Supplied information:
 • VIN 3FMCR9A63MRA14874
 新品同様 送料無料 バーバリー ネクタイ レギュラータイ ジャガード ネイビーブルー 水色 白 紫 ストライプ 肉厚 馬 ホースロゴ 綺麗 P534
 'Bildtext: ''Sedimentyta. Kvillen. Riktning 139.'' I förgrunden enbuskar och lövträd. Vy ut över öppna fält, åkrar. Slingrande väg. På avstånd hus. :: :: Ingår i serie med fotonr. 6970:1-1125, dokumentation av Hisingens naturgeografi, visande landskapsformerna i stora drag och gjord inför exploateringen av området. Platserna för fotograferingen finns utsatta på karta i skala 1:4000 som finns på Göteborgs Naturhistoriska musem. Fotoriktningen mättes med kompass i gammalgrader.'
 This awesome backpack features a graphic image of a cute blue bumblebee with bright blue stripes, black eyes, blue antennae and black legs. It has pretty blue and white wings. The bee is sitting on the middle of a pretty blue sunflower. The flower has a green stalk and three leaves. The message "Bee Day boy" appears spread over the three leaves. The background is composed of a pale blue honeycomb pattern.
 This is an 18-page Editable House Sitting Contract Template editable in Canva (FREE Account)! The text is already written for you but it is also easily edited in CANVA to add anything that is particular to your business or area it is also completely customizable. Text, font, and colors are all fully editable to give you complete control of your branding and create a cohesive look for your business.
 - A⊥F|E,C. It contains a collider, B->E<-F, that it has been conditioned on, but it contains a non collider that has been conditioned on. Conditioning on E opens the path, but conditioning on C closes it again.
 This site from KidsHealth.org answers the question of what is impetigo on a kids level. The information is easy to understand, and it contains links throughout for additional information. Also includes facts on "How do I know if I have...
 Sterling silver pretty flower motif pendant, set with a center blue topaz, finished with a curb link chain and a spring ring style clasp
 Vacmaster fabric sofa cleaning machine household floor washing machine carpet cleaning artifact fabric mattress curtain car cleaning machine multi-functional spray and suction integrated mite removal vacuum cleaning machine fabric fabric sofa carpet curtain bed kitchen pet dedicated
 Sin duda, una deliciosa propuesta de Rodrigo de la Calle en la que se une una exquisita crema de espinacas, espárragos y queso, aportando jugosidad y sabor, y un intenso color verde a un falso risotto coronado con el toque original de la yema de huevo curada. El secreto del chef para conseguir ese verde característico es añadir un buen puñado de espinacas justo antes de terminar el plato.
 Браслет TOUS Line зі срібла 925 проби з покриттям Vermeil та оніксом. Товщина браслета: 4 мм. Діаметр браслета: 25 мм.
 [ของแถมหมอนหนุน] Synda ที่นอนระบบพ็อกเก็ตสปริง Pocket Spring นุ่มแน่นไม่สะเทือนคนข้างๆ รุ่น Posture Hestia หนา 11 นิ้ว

What this task involves:
Find the lines that mention "contains" in the entries and show them.

Response below:
 - A⊥F|E,C. It contains a collider, B->E<-F, that it has been conditioned on, but it contains a non collider that has been conditioned on. Conditioning on E opens the path, but conditioning on C closes it again.
 This site from KidsHealth.org answers the question of what is impetigo on a kids level. The information is easy to understand, and it contains links throughout for additional information. Also includes facts on "How do I know if I have...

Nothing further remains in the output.